В прошлый раз я прорвался мимо «фонтана», пересек промоину, а стал выбираться на берег — снег вдруг расступился под лыжами, словно манная каша, и я оказался по щиколотки в воде. Мороз такой, что останавливается дыхание. Мокрый снег мгновенно прикипел к лыжам, и на ногах у меня уже не послушные бегунки, а бесформенные глыбы ноздреватого льда. Еле я выбрался на берег. Развел костер, сушусь и ругаю Чуританджу.
А она клокочет, словно смеется:
— Ну как я тебя засалила?
Сегодня я хитрее. По свежеледью прокрался на цыпочках, ручей обогнул у самых скал, а там, где снег просел от воды, бросился что есть силы. Мчусь и слышу — снег плывет под ногами, но оглянуться некогда. Выскочил на старую, пожелтевшую от времени наледь, а мой след уже залило водой. Но лыжи-то сухие!
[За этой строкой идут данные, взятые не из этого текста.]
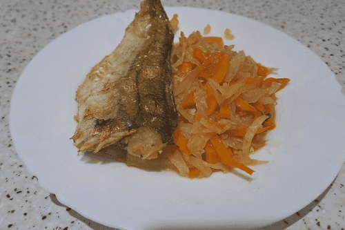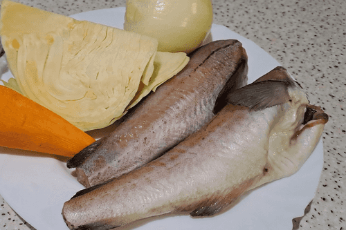 Минтай с капустой в духовке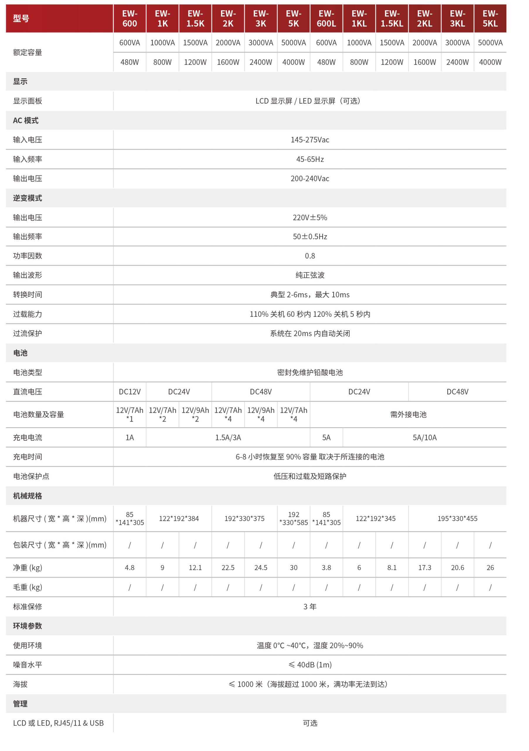 工作方式: EW2150 是一款小型在線互動式 UPS,為家庭和辦公室提供可靠的后備電力,并保護辦公室計算機和其他電子設備免于受到浪涌、停電和其他異常狀況的影響。適用于 IT 機房、數據中心、自動化設備、精密儀器、智能設備等。

Чуританджа прямо кипит от злости. А я смеюсь:
— Ну, кто кого засалил?
Правда, долго не стал смеяться. Мне ведь завтра возвращаться нужно.
Есть в верховьях таежной реки Чуританджи длинная и узкая просека. Давным-давно прорубили ее связисты, чтобы только что родившийся среди колымских гор поселок мог разговаривать со всем миром.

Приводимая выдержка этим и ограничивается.